DAST Tool Presence: The scanner tests for the presence of dynamic analysis tools such as Burp Suite, OWASP ZAP, Acunetix, Netsparker, Qualys WAS, and Veracode Dynamic. It also checks for DAST vendor disclosures in application content to ensure runtime testing is performed.
Authenticated Scanning: The scanner verifies the presence of authenticated scanning capabilities, session management, proper handling of credentials during scans, and flags any instances where unauthenticated-only scans are conducted.
API Testing Coverage: It evaluates API security testing for RESTful APIs and GraphQL endpoints, checks for endpoint discovery mechanisms to ensure comprehensive coverage, and identifies gaps in API testing.
Continuous Testing: The scanner tests for the implementation of automated scanning processes integrated with CI/CD pipelines, scheduled scans, and flags any manual-only testing processes that may lead to coverage gaps.
Vulnerability Validation: It assesses the presence of validation evidence through security blogs or similar sections where exploit confirmations, finding accuracy, and reduction of false positives are checked.

Inputs Required:

domain (string): A fully qualified domain name (e.g., acme.com) which is essential for scanning the application’s runtime behavior and detecting any missing coverage areas.

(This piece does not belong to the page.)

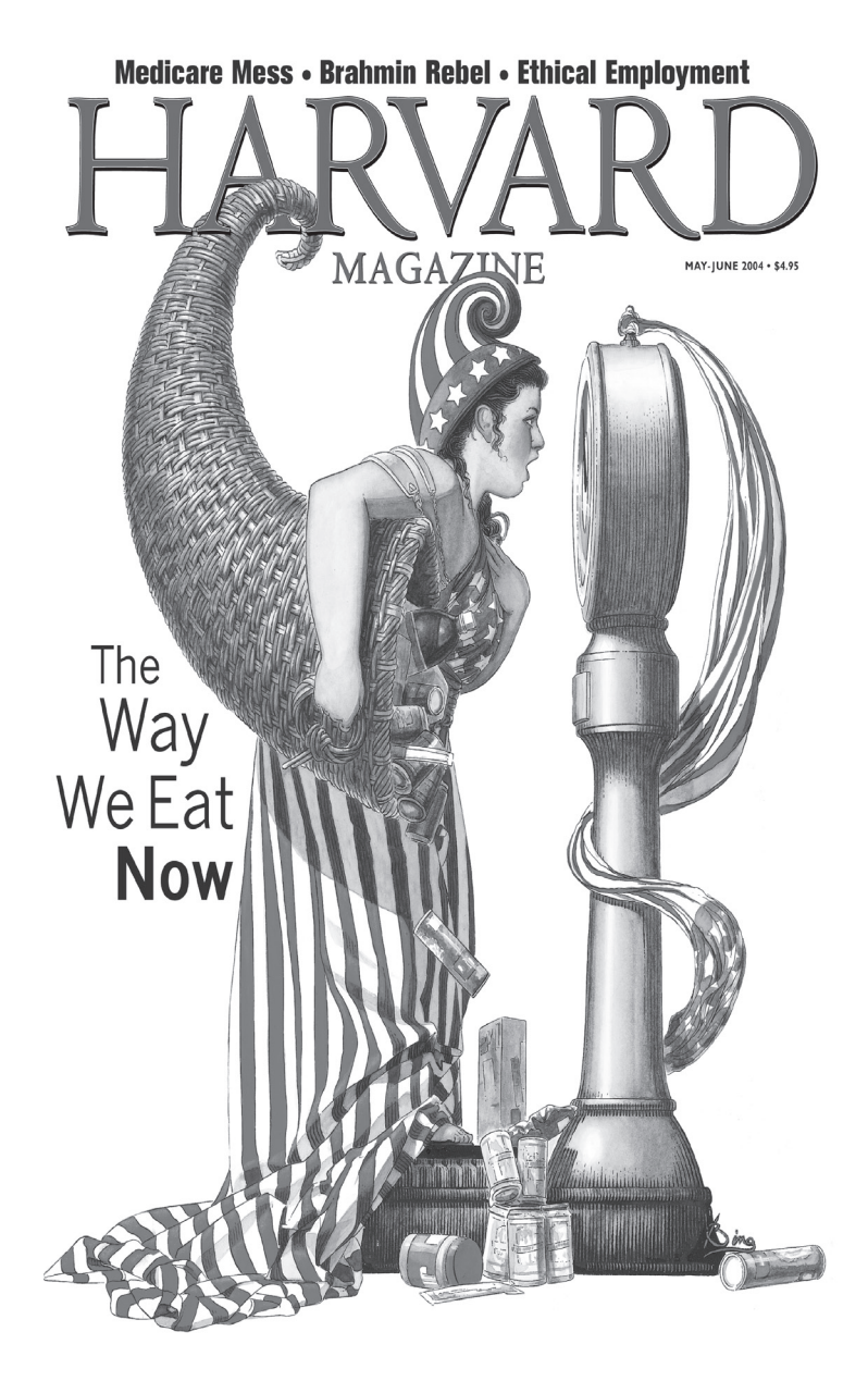
Figure 1: Obesity represented as a threat to the nation requiring the patriotic resolve of citizens.

Business Impact: Poor dynamic analysis can lead to significant security risks, including the potential for unauthorized access to sensitive data or systems due to unauthenticated scans, untested APIs that could be exploited, and false-positive vulnerabilities which may mislead decision-makers about the actual security posture of an application. This directly impacts the ability to maintain a secure and reliable software environment.

Risk Levels:

Critical: When there is no disclosure of any DAST tool or authenticated scanning methods across the domain, indicating a severe lack of runtime vulnerability detection capabilities.
High: When there are gaps in authenticated scanning, unauthenticated scans only, or incomplete API testing coverage, which significantly reduce the effectiveness of dynamic analysis.
Medium: When continuous testing is manual-only or lacks integration with CI/CD pipelines, leading to potential coverage gaps and reduced automated security checks.
Low: When DAST tools are present but some authenticated scanning, API testing, or validation evidence is missing, indicating a moderate level of risk requiring attention for improvement.
Info: When the scanner detects informational findings such as unclaimed mentions of DAST tools in the application content, which does not directly impact security but can be indicative of potential gaps needing documentation or awareness.

Example Findings:

The scanner may flag a situation where an application only performs unauthenticated scans despite having capabilities for authenticated testing, potentially missing critical vulnerabilities that require user credentials to exploit.
An instance where API endpoints are not tested through dynamic analysis tools, leaving these potential attack vectors unexplored and vulnerable to exploitation.

This structured documentation provides a clear understanding of the Dynamic Analysis Effectiveness Scanner’s purpose, what it detects, required inputs, business impact, risk levels, and illustrative examples of findings that could be flagged by the tool.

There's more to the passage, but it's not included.